In the execution plan tree of the step (1), one node is a data operation, the parent-child relationship of the nodes in the tree represents the execution sequence of the data operation, and the data operation represented by the parent node can be executed only after the data operation represented by all the child nodes is completed.
The different execution scenes of the conversion script are divided into a single data conversion script and a multi-data conversion script.

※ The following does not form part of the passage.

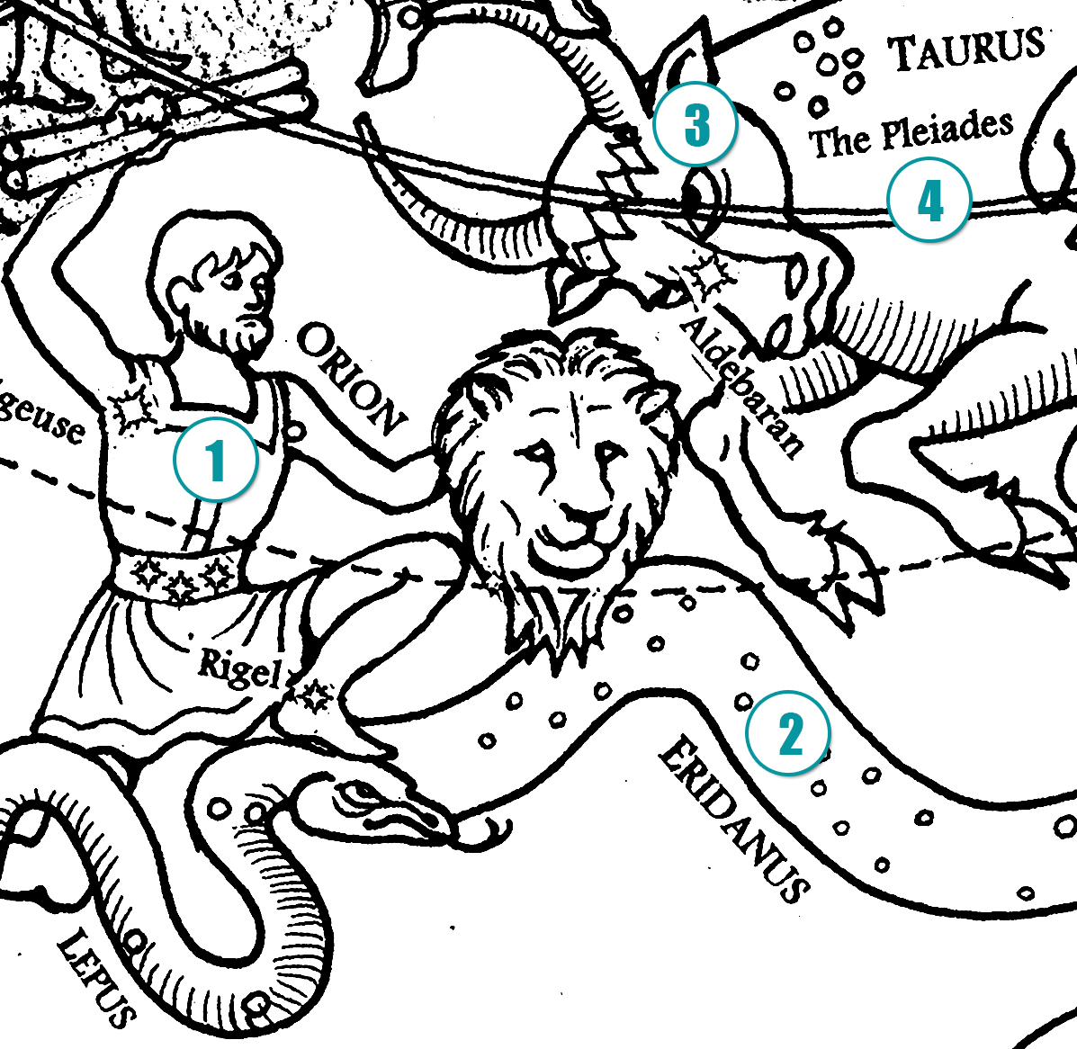 Now, to the particular mystery referenced in Revelation 10. I have already introduced and started to develop the idea that John was using the astronomy of his day as a device for writing what the Holy Spirit was inspiring him to record and the Seven Thunders is another example of this. One of the most well-known constellations is Orion (marked 1 in the image), pictured as holding a scroll in one hand, the head of a lion in the other, and his one foot is planted on the ‘sky river’ Eridanus (2). Just to his right and slightly above him is the constellation Taurus (3), the bull, which symbolises something very dark and sinister that I will explain when we get to Revelation chapter 13. In the shoulder of the constellation of Taurus is a group of seven stars (number 4 in the graphic) known as the Pleiades (Job 9:9). John apparently uses the constellation Orion to represent the mighty angel of Revelation 10 and the Pleiades to represent the message of the Seven Thunders, but this still does not shed any light on the message itself; it is a mystery. In fact, the angel then utters the words, “There will be no more delay! But in the days when the seventh angel is about to sound his trumpet, the mystery of God will be accomplished, just as he announced to his servants the prophets.” (Revelation 10:6-7).The Bible does indeed contain mysteries because it is genuinely God-breathed,so

Aiming at a single data conversion script, in an execution scene of the single data conversion script (single script), the following step-by-step optimization method oriented to the execution plan tree is adopted for processing, and specifically:
1.1) operation push-down optimization: under the condition of not changing the data conversion processing result, the spatiotemporal cost in the execution process is reduced by changing the execution sequence of the nodes in the execution plan tree, and the method specifically comprises the following steps: if the tuples in the two multi-sets have repeated values under a certain attribute, the screening operation performed after the connection operation is performed on the attribute values of the multi-sets is performed before the connection operation, so that the execution order of the screening operation relative to the connection operation is changed;
1.2) operation combination: the space-time cost in the execution process is reduced by a method for combining two adjacent nodes in the execution plan tree, and the method specifically comprises the following steps: if two adjacent nodes operate aiming at the multiple concentrated columns, the two adjacent nodes are merged, and the nodes are the nodes corresponding to the data operation in the execution plan tree;
1.3) connection optimization: when a plurality of multiple sets are connected, an optimal connection operation method is selected according to the characteristics of the multiple sets, and the method specifically comprises the following steps: taking the number of tuples in the multi-set as a multi-set characteristic, and then processing in parallel according to the following two conditions:
if the two multiple sets need to be connected and the difference of the characteristics of the two multiple sets is within 30%, one multiple set is subjected to screening operation and then connected with the other multiple set;
and if the two multiple sets need to be connected and the difference of the characteristics of the two multiple sets is more than 3 times, transmitting the multiple set with the smaller characteristic to the node of the distributed network where the multiple set with the larger characteristic is located.
Aiming at the multiple data conversion scripts, in the execution scene of the multiple data conversion scripts (multiple scripts), a cost-based graph optimization method is adopted for processing, and the method specifically comprises the following steps:
2.1) constructing an execution plan graph: merging a plurality of execution plan trees corresponding to a plurality of data conversion scripts in a mode of merging common sub-nodes to obtain an execution plan graph, wherein the execution plan graph is also a graph structure formed by nodes, and the common sub-nodes refer to nodes with the same operation semantics;
2.2) cost-based operation merging: and the nodes in the execution planning graph are optimized and combined through a specially designed cost model, so that the space-time cost in the execution process is reduced.
The invention aims to realize the minimum and the optimal space-time cost, wherein the space-time cost refers to the sum of the spent execution time and the occupied physical resources.
In the step 2.2) described above,
the invention realizes the data operation merging method based on input sharing based on the idea of optimizing merging operation, and measures the execution cost corresponding to the data operation by establishing a cost model.
Therefore, in the execution plan diagram, for a group of data operations sharing the same input, by comparing the cost of independent execution and the cost of combined execution, the invention judges whether the execution efficiency is improved after the data operations sharing the same input are combined.
2.2.1) establishing the following cost model aiming at independent data operation, wherein the independent data operation refers to data operation under mutually independent nodes which are shared and input in the same sub-node, namely, the nodes of the independent data operation are connected to the same sub-node together and have no connection relation with each other;
for example for data operation J1,J2,…,JnAll the n operations share the same data input and are divided into independent disjoint m groups, each group Gi(1 ≦ i ≦ m) will include several operations that will be combined into one operation to execute.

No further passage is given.